'The Man With The Golden Gun' is up for review in the May 2010 MI6 Bondathon
To celebrate the spate of upcoming Bond film anniversaries and the pave the way to Bond 23, we thought it was high-time the forum (Keeping The British End Up) pulled together for an official review of the whole series
A film will be presented each month for viewing, discussion and review; running in conjunction with the main site, overall ratings and a selection of the best reviews will be published at the end of the month on mi6-hq.com.
Roger Moore's far east outing, "The Man With The Golden Gun" is under review in May's Bondathon
"You're that secret agent! That English secret agent from England!"
Indeed, that's exactly what Roger Moore was. As the new leading man of EONs film franchise was settling in to his role, his second outing marked the swan song of several aspects of the franchise, such as the 1.85:1 aspect ratio, witty script-smith Tom Mankiewicz (who joined the franchise for 1971's Diamonds Are Forever), director Guy Hamilton, and - of course - producer Harry Saltzman, whose financial difficulties prompted him to sell his 50% of Danjaq to UA in 1975, leaving Albert R. Broccoli as the sole producer for the next ten years.
The script, penned by long-time Bond veteran Richard Maibaum and short-time Bond veteran Mankiewicz, is very much a product of its time: the pursuit of a MacGuffin designed to solve the 1973 Energy crisis (an oil embargo by the Organization of Arab Petroleum Exporting Countries against Great Britain, the United States and other western nations, in response to the US' backing of Israel in the Fourth Arab-Israeli War), leads Bond through colorful locales, including the wreck of the RMS Queen Elizabeth which sank in 1972, and even more colorful action-comedy shenanigans, including a karate school sequence designed to join in on the global success that the martial arts genre enjoyed in the early '70s, and ultimately to the doorstep of a dangerous hitman already on his trail.
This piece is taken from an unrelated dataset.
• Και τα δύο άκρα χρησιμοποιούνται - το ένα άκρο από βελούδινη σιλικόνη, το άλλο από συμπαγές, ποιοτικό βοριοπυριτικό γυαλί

Christopher Lee's Francisco Scaramanga (a role originally intended for Jack Palance) and his titular weapon are almost certainly the film's most recognizable contribution to the Bond legacy. Many film critics who disparage the ninth Bond adventure cite Christopher Lee as a bright point of the experience, and even the golden gun itself has become something of a staple in many of the modern Bond video games as a weapon that kills with a single shot.
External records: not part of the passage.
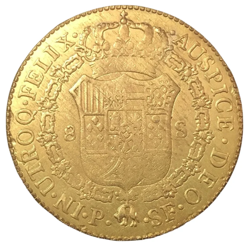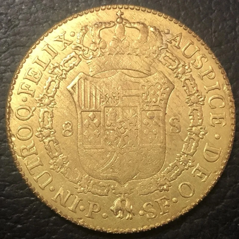 - Crafted with a vintage, antique-inspired design replicating the 1792 Spanish 8 Escudos coin with detailed heraldic motifs and historic symbolism.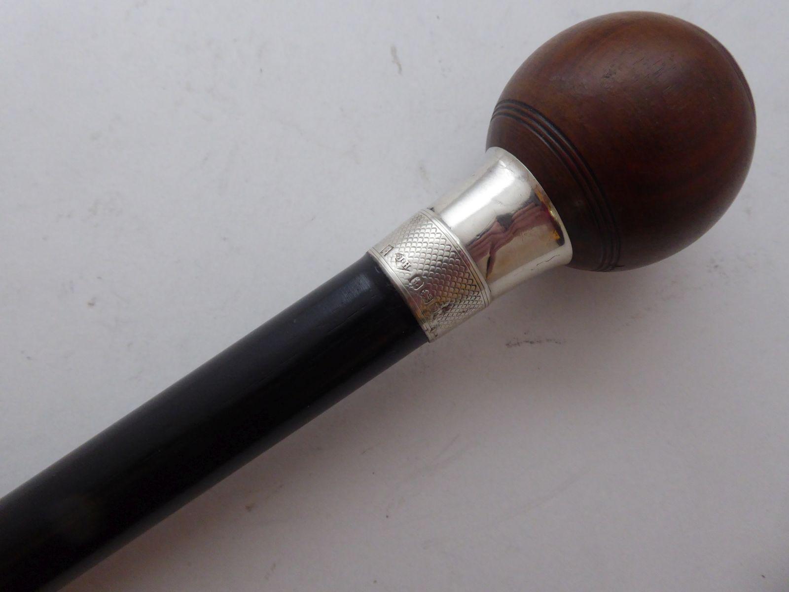 Lignum Vitae Bowling Ball Walking Stick 1920 Solid Silver Collar Ebony Shaft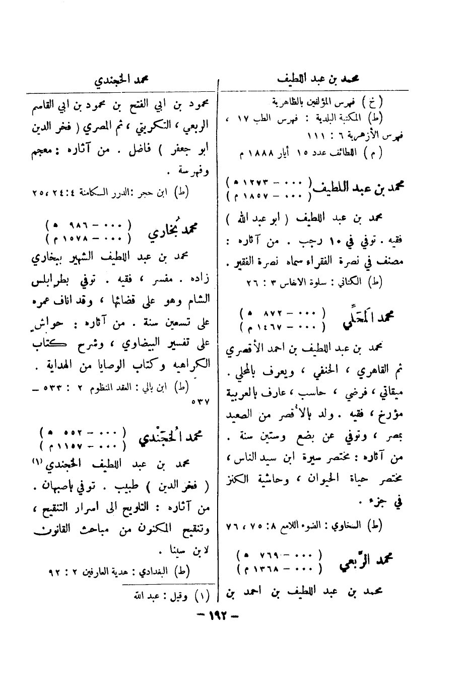 (خ) فهرس المؤلفين بالظاهرية (ط) المكتبة البلدية: فهرس الطب 17، فهرس الازهرية 6: 111 (م) اللطائف عدد 15 أيار 1888 م محمد بن عبد اللطيف (000 - 1273 هـ) (000 - 1857 م) محمد بن عبد اللطيف (أبو عبد الله) فقيه.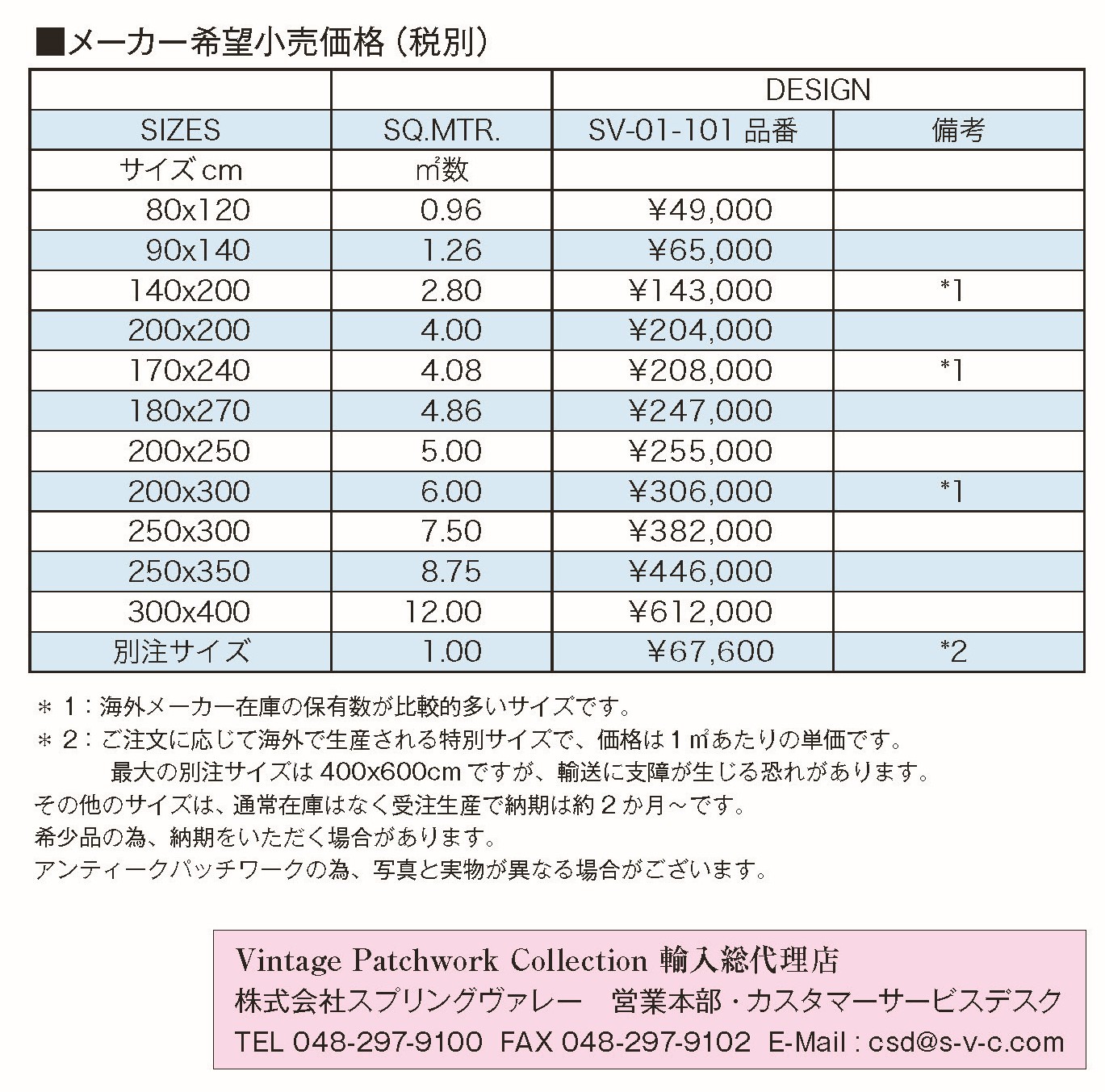 ビンテージパッチワークコレクション Vintage Patchwork 価格表(税別)

Moore's performance shows flashes of grimmness - something of an oddity in a film so light-hearted - and between him and Christopher Lee, The Man With The Golden Gun's levity is punctuated with a streak of malevolence; an intriguing aftertaste from a wine with a very fruity flavor. This contrast alone makes the film an interesting addition to the Bond canon.
The Bottoms Up Club (at least the iteration seen in the film) closed in April of 2004. So instead meeting up there, let's all serve ourselves a beverage of our choice, pop The Man With The Golden Gun in the DVD player, and spend a few (well, two) pleasant hours together, in spirit, at least.